- RECORDS

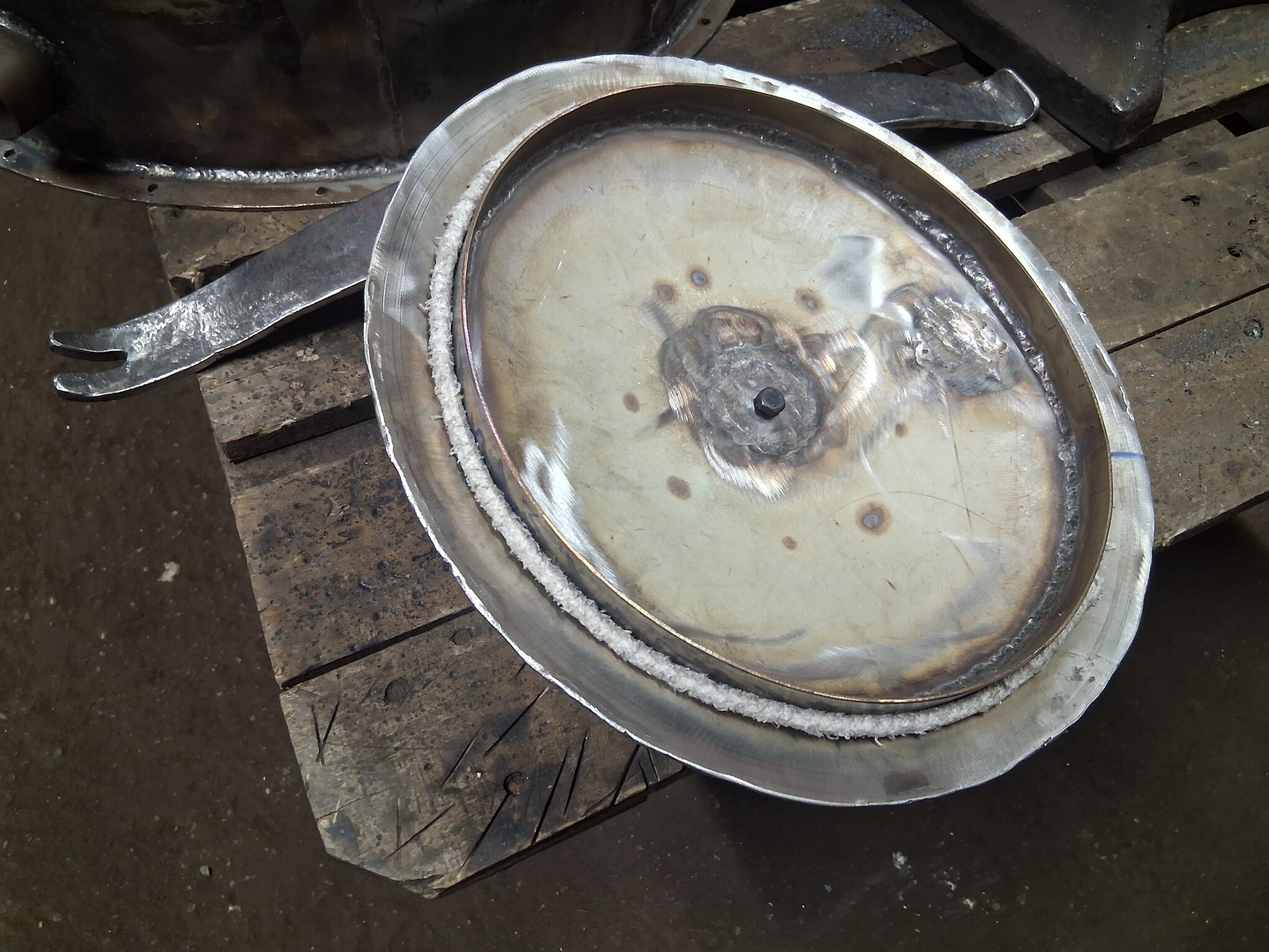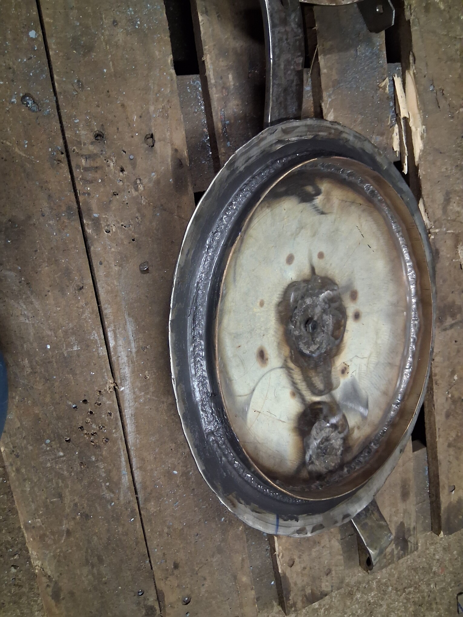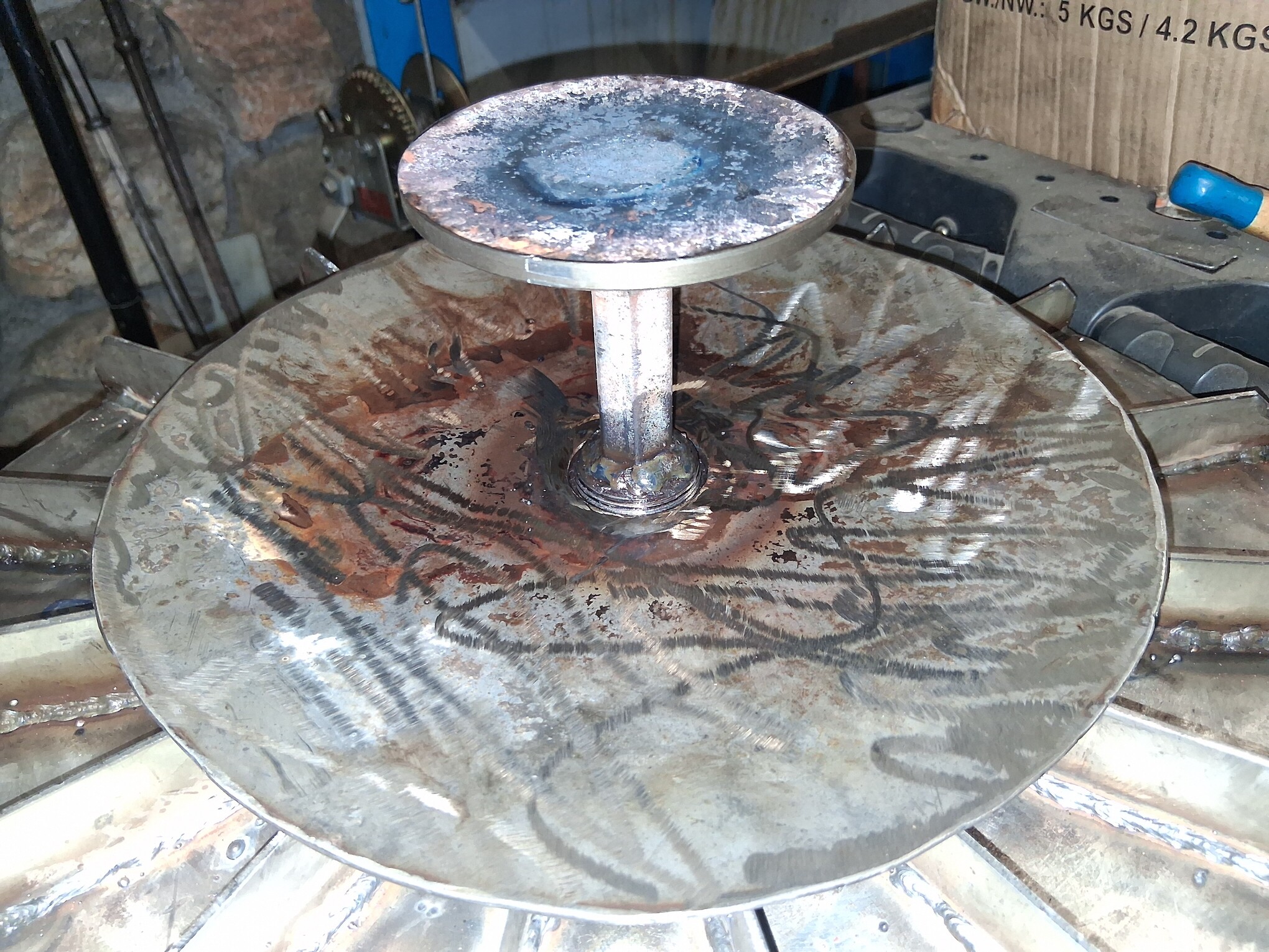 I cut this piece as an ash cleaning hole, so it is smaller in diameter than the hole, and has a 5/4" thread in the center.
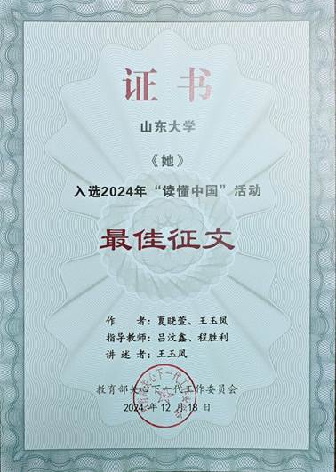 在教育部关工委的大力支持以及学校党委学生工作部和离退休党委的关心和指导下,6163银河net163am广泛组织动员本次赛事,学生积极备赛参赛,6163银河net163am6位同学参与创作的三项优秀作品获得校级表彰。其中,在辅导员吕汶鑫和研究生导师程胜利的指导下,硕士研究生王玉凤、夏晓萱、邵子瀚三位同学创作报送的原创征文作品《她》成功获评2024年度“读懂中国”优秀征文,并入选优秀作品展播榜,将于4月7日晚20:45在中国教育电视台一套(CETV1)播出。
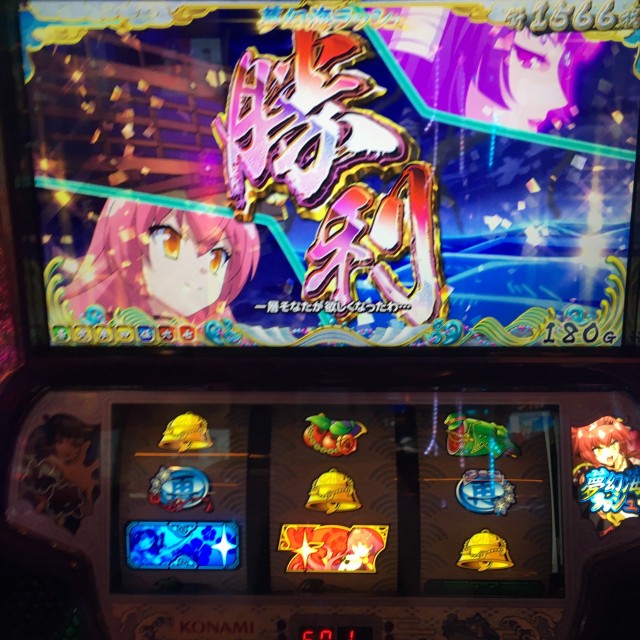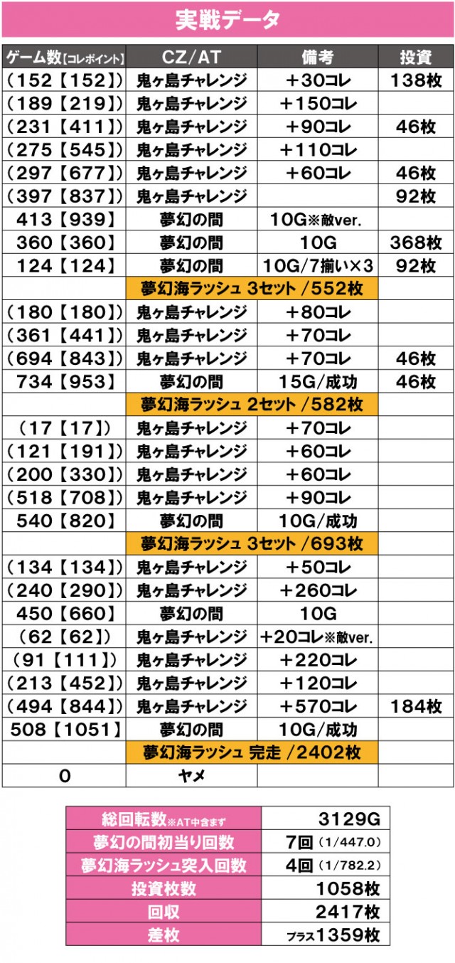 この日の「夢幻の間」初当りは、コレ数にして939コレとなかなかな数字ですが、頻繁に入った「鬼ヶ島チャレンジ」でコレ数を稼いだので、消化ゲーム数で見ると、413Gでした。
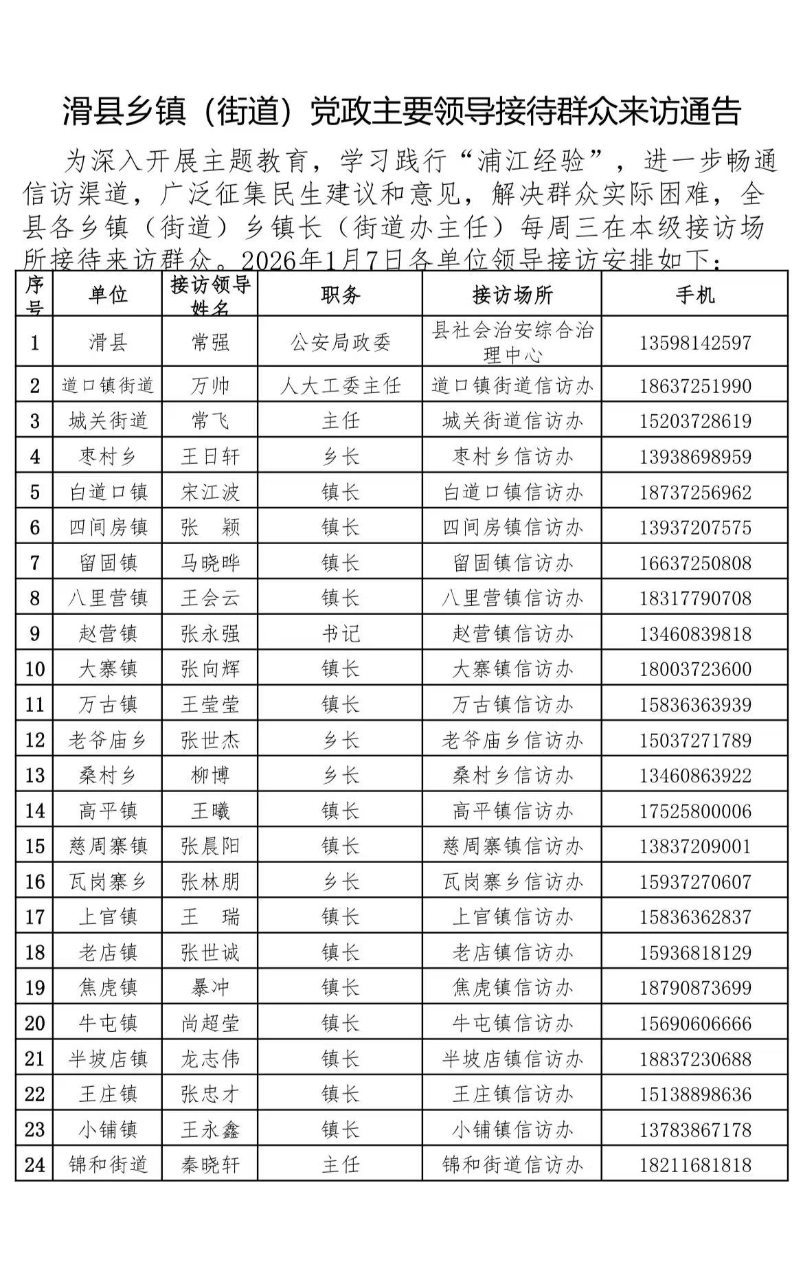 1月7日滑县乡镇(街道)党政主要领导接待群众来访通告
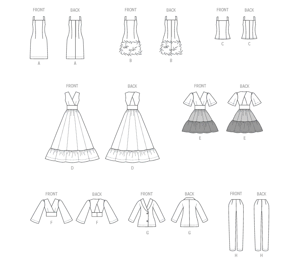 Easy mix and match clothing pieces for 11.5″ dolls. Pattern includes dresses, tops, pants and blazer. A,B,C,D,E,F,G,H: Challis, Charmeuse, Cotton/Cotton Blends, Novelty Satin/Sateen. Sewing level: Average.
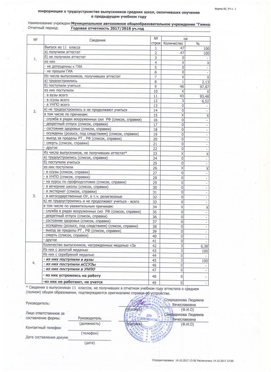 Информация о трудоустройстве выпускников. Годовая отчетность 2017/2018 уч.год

- DESCRIPTION OF THE TASK
Without including any pictures, set down word for word every line from the one containing "1月7日滑县乡镇(街道)党政主要领导接待群众来访通告" through the last line of the material.

- RESPONSE AREA
 1月7日滑县乡镇(街道)党政主要领导接待群众来访通告
 Easy mix and match clothing pieces for 11.5″ dolls. Pattern includes dresses, tops, pants and blazer. A,B,C,D,E,F,G,H: Challis, Charmeuse, Cotton/Cotton Blends, Novelty Satin/Sateen. Sewing level: Average.
 Информация о трудоустройстве выпускников. Годовая отчетность 2017/2018 уч.год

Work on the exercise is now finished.